Post Mortem – Book Of Hyperion

Posted by (twitter: @headchant)
December 19th, 2011 10:18 am

Whew. I’m experiencing a ludum dare hang over right now. I’m not pleased of the state of my game that I submitted. Too many bugs and too many glitches. But I had lots and lots of fun! And I made an RPG in 48 hours!

To the game!


This is my third LD and I’m starting to get quite fast at pixeling sprites and tiles. I imposed the limitation of 4(+white) grey shades, a sprite size of 16×16 pixels and a window size of 160×144 upon myself for this Ludum Dare. The first artwork only took a couple of hours to make. The problems came when I had to do the details. I remember that I spend more than an hour on the sprite of the main character. Almost half an hour on the positioning of the hair. Overall I spend most of the time creating artwork and not coding, which is a good thing.



Tiled Map Editor and the AdvancedTiledMapLoader for Love were a huge help.
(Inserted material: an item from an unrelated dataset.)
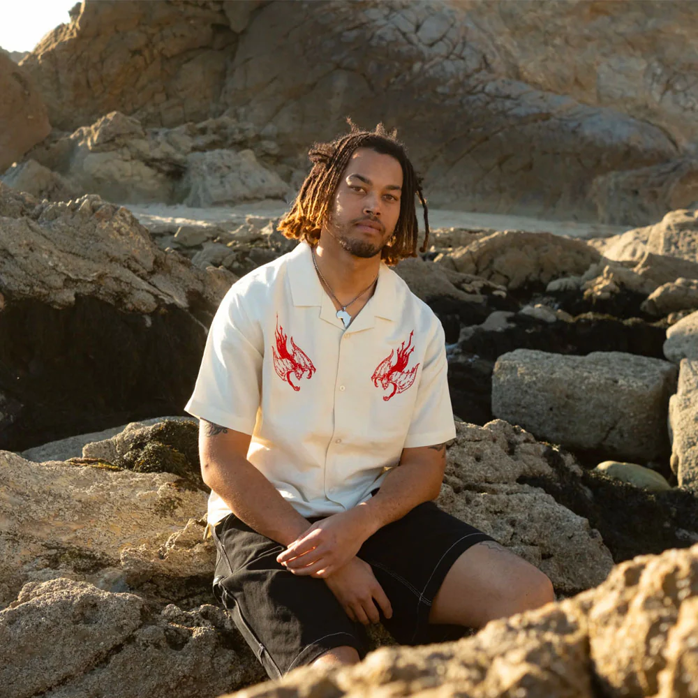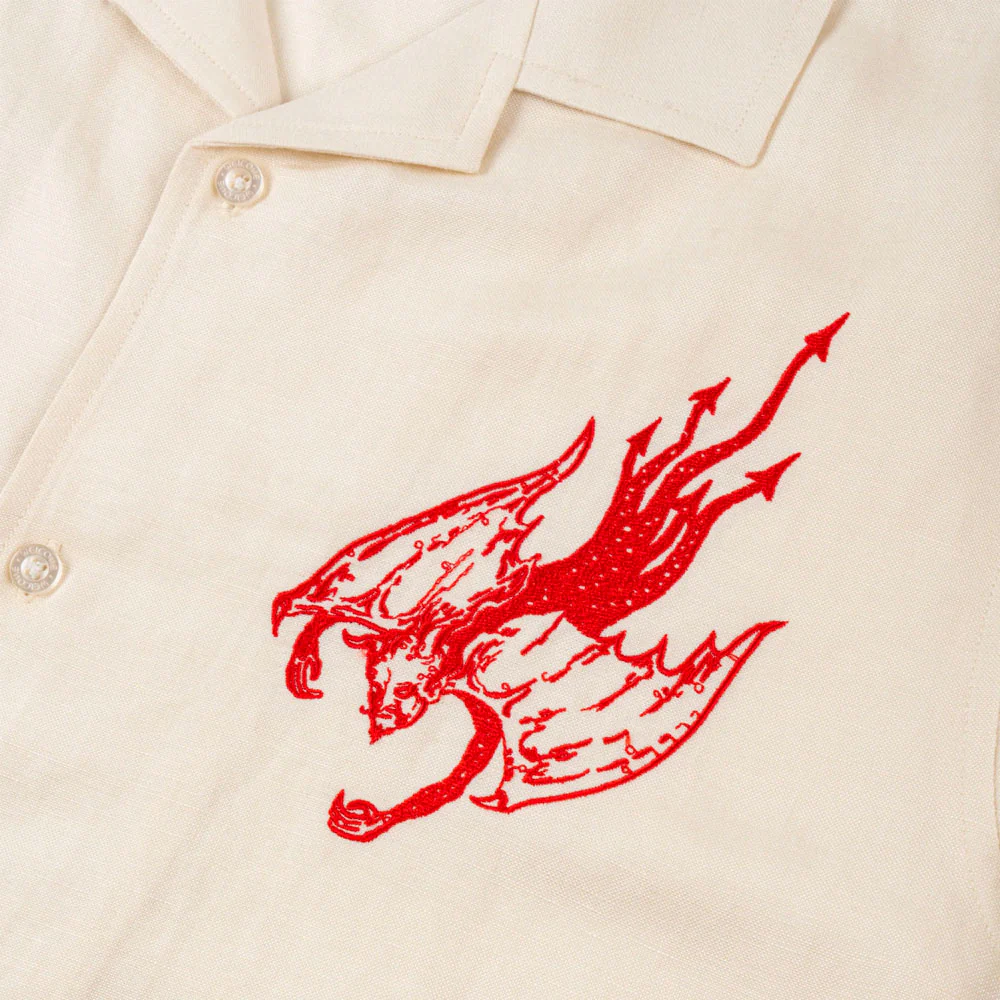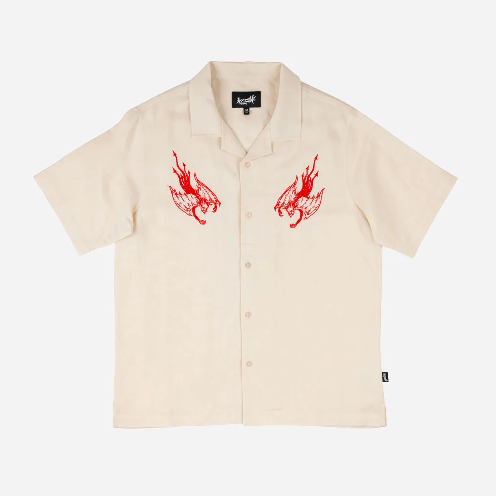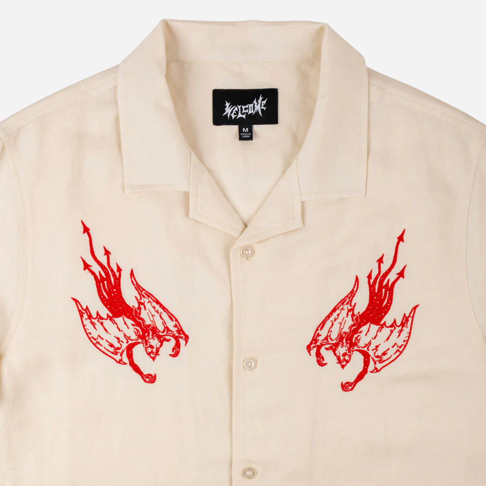 WELCOME SKATEBOARDS – HELLION EMBROIDERED LINEN SHIRT- Bone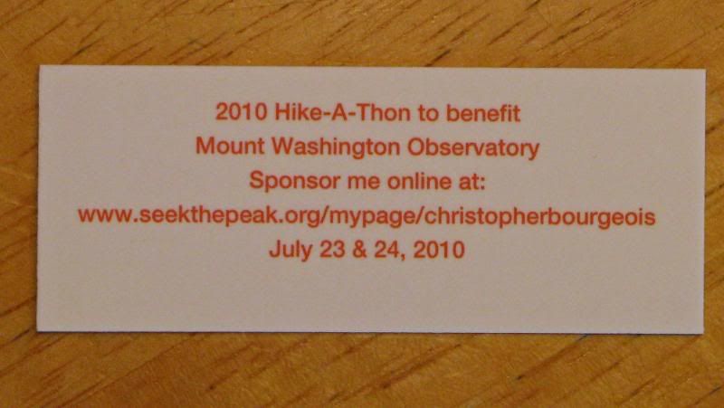 My 48: Washington (07/07, 07/08, 07/09, 09/09, 07/10), Lafayette (08/08, 08/09), Lincoln (08/08, 08/09), Pierce (07/10), Carrigain (09/10), Cannon (10/10), Jackson (11/10), Field (11/10), Tom (01/11)

I didn’t have to code a complete tile engine and could use such things as the properties of tiles for map connection and teleportation. This way creating maps was a fun and not so much a time consuming process.


All went well until I began with the “hero” class. I used humps classes for Löve which are great but my design of the class was very flawed. I should have implemented some kind of state machine for the behaviors of the character but now the classcode is littered with checkflags and “isBlabla” variables. This might be the first thing I’ll change if I get back to this project. I almost had to rewrite the whole thing, because of the movement bugs that I just couldn’t get under control, but there wasn’t enough time. I normally write my code in iterations: plan the class – try out this planned version – clean up – try out a refactored way – rinse and repeat until it does what it should and is still readable. This approach might not be very good for a ludum dare because it consumes too much time. I should stay away from lazy lazy instantiation and use strict.lua and write tests in the future to get my nilled objects errors under control.

The biggest problem was writing and designing the combat system. Originally I planned to make a half-action-timed battle system a la chrono trigger. The problem lay in the implementation. This is asked way to much to develop in 2 days and so in the end rush I kicked out a lot of the roundbased rules and only left in the “action points”(AP). To execute an attack you will use a certain number of AP. You can hot-trigger attacks via the C-V-B keys and open the menu via the X key. Since I originally planned to make the combat semi-automatic the standard sword attack involved moving character to the current enemy and back. This is were most of the bugs in the compo version happen. Sometimes the distance is miscalculated or references to the current enemy are lost and so the automatic movement goes berzerk. Again, If my code had been better structured I would have found the errors on time.


For inspiration I listened to a lot of music from Final Fantasy Adventure and I think you can hear this when you listen to my soundtrack. The creative side did go well this time. I had lots of ideas but not enough time to make everything happen. My programming performance on the other hand was very bad and I’m almost ashamed of the code that I put out there. But still I’m pleased that I made a (mostly) working RPG in 2 days. If you are interested I can keep you posted on future versions of this because I plan to work on this over the holidays(maybe even begin an iOS version?).